Why connect a car?
Asking such a basic question almost seems naive: Why does anyone need to connect a car to anything?
Follow up questions include: To what is the connected car connected? What information is it supposed to send and receive? What convenience, if any, will connectivity bring to drivers and passengers.
"Connected" generally means the car is connected to the Internet, a.k.a. the cloud.
For carmakers, the connectivity can be a goldmine. Juliussen told us connecting the car makes possible "remote diagnostics, ECU software updates, and ECU software corrections." Not only will remote diagnostics mean convenience to owners and carmakers alike, but it could also mean a lucrative business in selling software services to car owners.
The connected car can also offer location data in case of accidents or natural disasters. Connectivity helps with stolen vehicle tracking and automatic collision notification. This is good for carmakers, owners, and government agencies.

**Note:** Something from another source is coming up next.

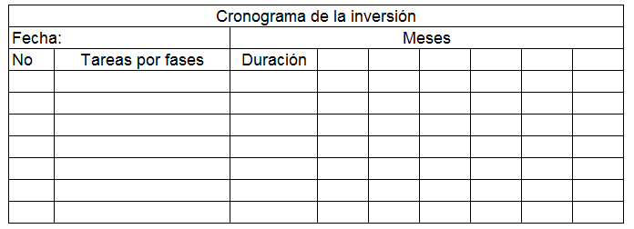 Se pasa a establecer el tiempo de duración en meses de las diferentes tareas que se prevén desarrollar desde la fase de pre-inversión hasta la fase de desactivación y puesta en explotación; con el objetivo de controlar el desarrollo de la inversión.

For those in the car, the connected car has several advantages. Connectivity allows reception of safety and security services, navigation data, voice communication, and SMS. Drivers could even -- God forbid -- update Facebook pages and tweet at 70 mph. More importantly, though, connectivity allows carmakers to respond to growing expectations among drivers to use smartphone apps in the car.
Passenger demands are also changing connectivity requirements. Passengers want rear-seat and front-seat entertainment, so that they can play games, audio, and video, by downloading content not just from their own devices, but also from the cloud.